**YOUR TASK**
Every line from the opening of the records to the line with "不過,深水埗區有多間診所表明" should be restated exactly, with both ends included and the pictures left out.

**MATERIAL FOR THE TASK**
◆ ◆ ◆ ◆
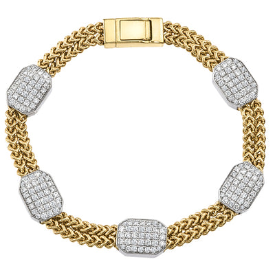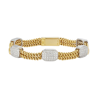 Ce bracelet souple contemporain en diamant à cinq stations de forme rectangulaire et à double maillon de chaîne est fabriqué en or blanc ou jaune 14K et se compose de 175 pierres serties à la main, soit un poids total approximatif de 2,25 ct. Chaque station est sertie de 45 diamants ronds de taille brillant et est fixée sur une double chaîne en or massif. Le bracelet souple mesure environ 7,25" et est importé d'Italie.
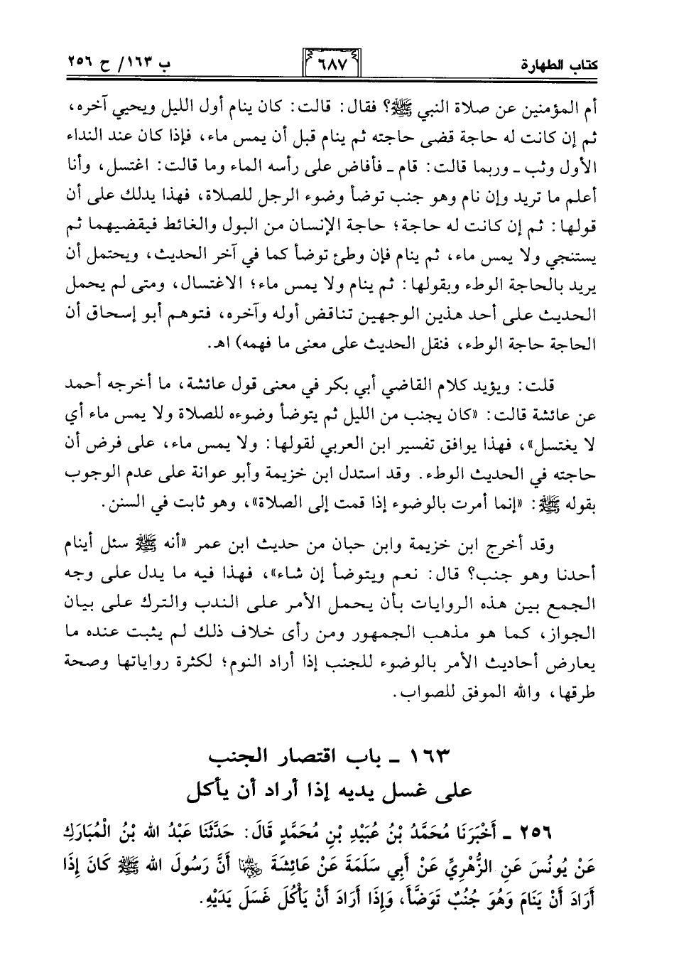أم المؤمنين عن صلاة النبي - صلى الله عليه وسلم -؟ فقال: قالت: كان ينام أول الليل ويحيي آخره، ثم إن كانت له حاجة قضى حاجته ثم ينام قبل أن يمس ماء، فإذا كان عند النداء الأول وثب -وربما قالت: قام- فأفاض على رأسه الماء وما قالت: اغتسل، وأنا أعلم ما تريد وإن نام وهو جنب توضأ وضوء الرجل للصلاة، فهذا يدلك على أن قولها: ثم إن كانت له حاجة؛ حاجة الإنسان من البول والغائط فيقضيهما ثم يستنجي ولا يمس ماء، ثم ينام فإن وطئ توضأ كما في آخر الحديث، ويحتمل أن يريد بالحاجة الوطء وبقولها: ثم ينام ولا يمس ماء؛ الإغتسال، ومتى لم يحمل الحديث على أحد هذين الوجهين تناقض أوله وآخره، فتوهم أبو إسحاق أن الحاجة حاجة الوطء، فنقل الحديث على معنى ما فهمه) اهـ.
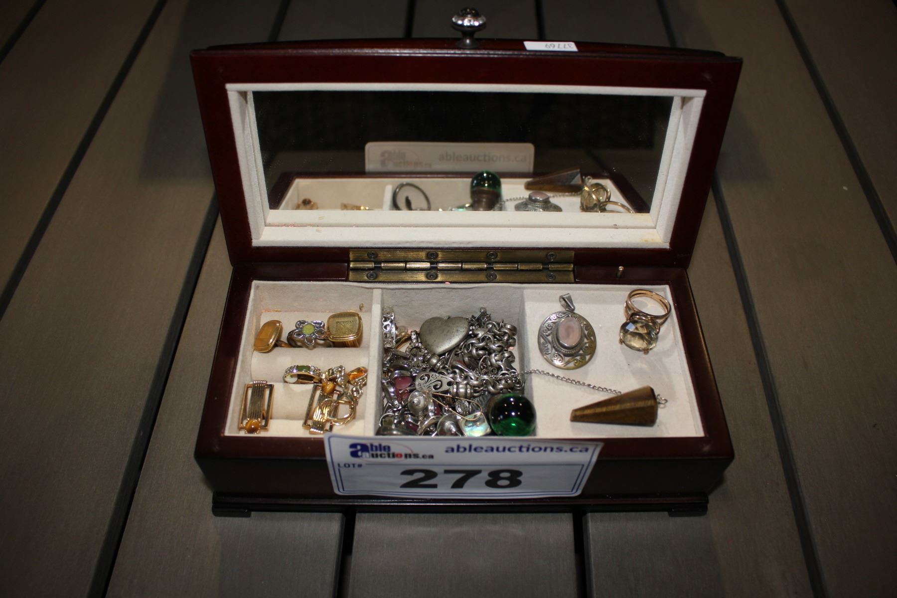 WOOD JEWELRY BOX WITH CONTENTS
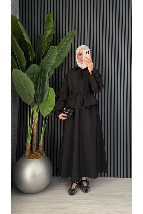 - Bağcıklı kemer/kuşak detayı bel bölgesine ekstra şıklık katar.
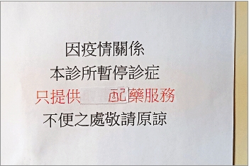 不過,深水埗區有多間診所表明「暫停診症,只提供配藥服務」。記者進入大埔道一間寫明「暫停診症」的診所查詢,即使並非發燒或確診新冠肺炎,助護仍稱因疫情嚴峻,診所已停止所有診症服務,家屬或病人可描述病徵,由助護轉告醫生後配藥,每次三日藥收費300元。
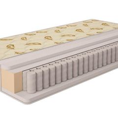 Блок независимых пружин TFK. Такой блок исключает нежелательные колебания конструкции, за счет работы пружин по всей высоте, и равномерно распределяет нагрузку по всей площади. Проволока, из которой изготавливаются пружины, имеет больший диаметр, что делает матрас более упругим и долговенчым. Независимый пружинный блок совершенно не производит шума. Количество пружин на одно спальное место - 550. Срок службы матрасов - 10 лет.
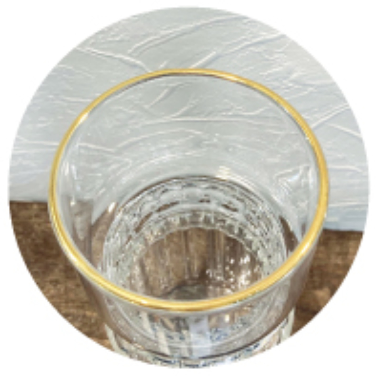 シンプルなガラスベースにゴールドの淵がアクセントになっています。
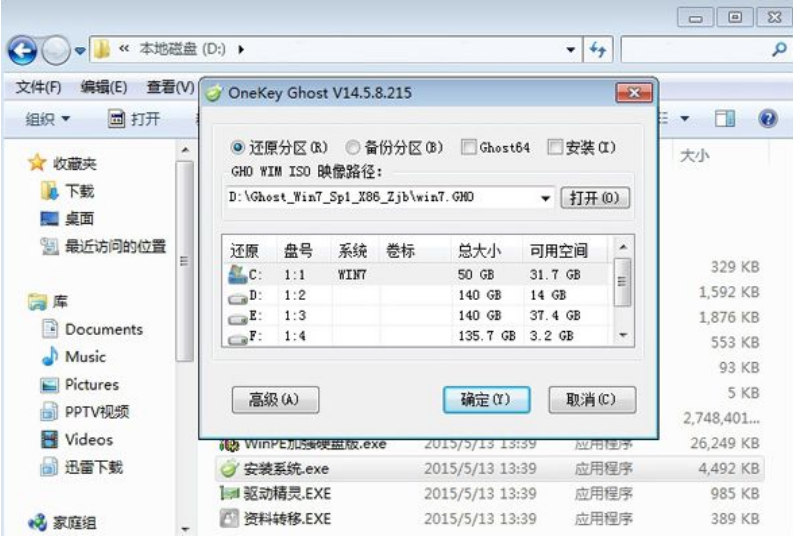 3、双击【安装系统.exe】,打开安装工具onekey ghost,选择“还原分区”,加载映像路径win7.gho,选择安装位置如C盘,点击确定。
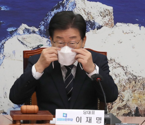 ▲ 더불어민주당 이재명 대표가 13일 국회에서 열린 최고위원회의에서 발언 후 마스크를 다시 쓰고 있다. [뉴시스]
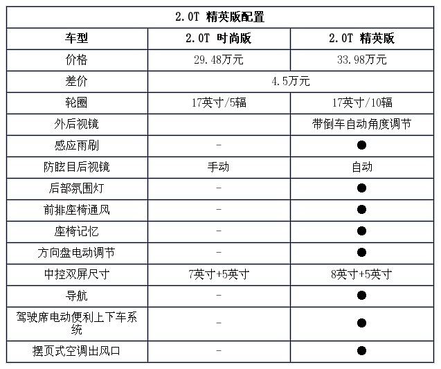精英版车型上的前排座椅通风、座椅记忆、驾驶席电动便利上下车系统以及摆页式空调出风口都是很能提升档次的配置,但它要比2.0T时尚版贵了4.5万元,相对于这个差价,它的性价比并不是很高,除非你是对这些配置有特别大的需求,否则不建议购买。
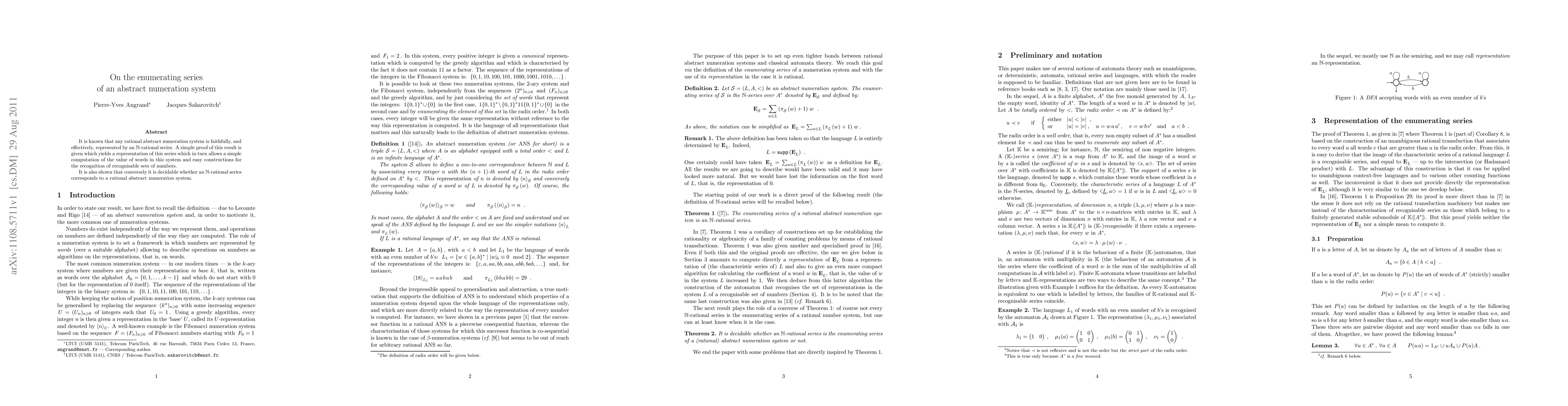 It is known that any rational abstract numeration system is faithfully, and effectively, represented by an N-rational series. A simple proof of this result is given which yields a representation of this series which in turn allows a simple computation of the value of words in this system and easy constructions for the recognition of recognisable sets of numbers. It is also shown that conversely it is decidable whether an N-rational series corresponds to a rational abstract numeration system.
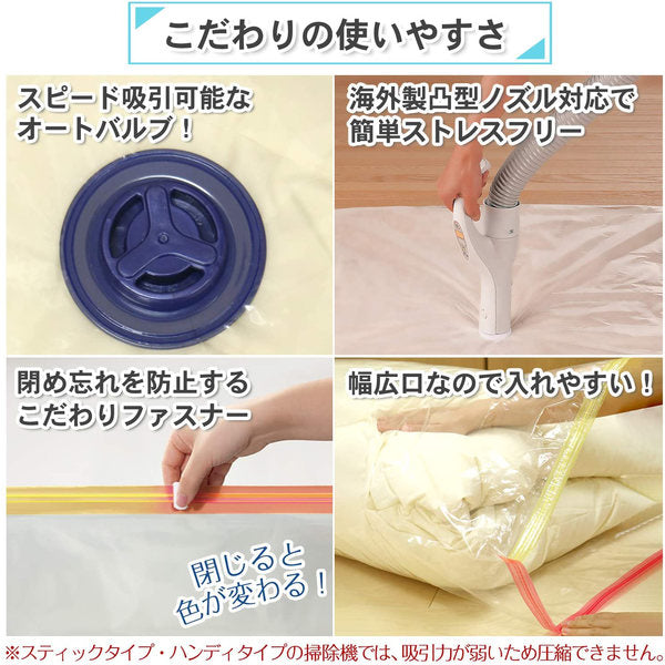 | 注意事項 | ※スティックタイプ・ハンディタイプの掃除機では、吸引力が弱いため圧縮できません。 |
◆ ◆ ◆ ◆
**RESPONSE TO THIS EXERCISE**
 Ce bracelet souple contemporain en diamant à cinq stations de forme rectangulaire et à double maillon de chaîne est fabriqué en or blanc ou jaune 14K et se compose de 175 pierres serties à la main, soit un poids total approximatif de 2,25 ct. Chaque station est sertie de 45 diamants ronds de taille brillant et est fixée sur une double chaîne en or massif. Le bracelet souple mesure environ 7,25" et est importé d'Italie.
أم المؤمنين عن صلاة النبي - صلى الله عليه وسلم -؟ فقال: قالت: كان ينام أول الليل ويحيي آخره، ثم إن كانت له حاجة قضى حاجته ثم ينام قبل أن يمس ماء، فإذا كان عند النداء الأول وثب -وربما قالت: قام- فأفاض على رأسه الماء وما قالت: اغتسل، وأنا أعلم ما تريد وإن نام وهو جنب توضأ وضوء الرجل للصلاة، فهذا يدلك على أن قولها: ثم إن كانت له حاجة؛ حاجة الإنسان من البول والغائط فيقضيهما ثم يستنجي ولا يمس ماء، ثم ينام فإن وطئ توضأ كما في آخر الحديث، ويحتمل أن يريد بالحاجة الوطء وبقولها: ثم ينام ولا يمس ماء؛ الإغتسال، ومتى لم يحمل الحديث على أحد هذين الوجهين تناقض أوله وآخره، فتوهم أبو إسحاق أن الحاجة حاجة الوطء، فنقل الحديث على معنى ما فهمه) اهـ.
 WOOD JEWELRY BOX WITH CONTENTS
 - Bağcıklı kemer/kuşak detayı bel bölgesine ekstra şıklık katar.
 不過,深水埗區有多間診所表明「暫停診症,只提供配藥服務」。記者進入大埔道一間寫明「暫停診症」的診所查詢,即使並非發燒或確診新冠肺炎,助護仍稱因疫情嚴峻,診所已停止所有診症服務,家屬或病人可描述病徵,由助護轉告醫生後配藥,每次三日藥收費300元。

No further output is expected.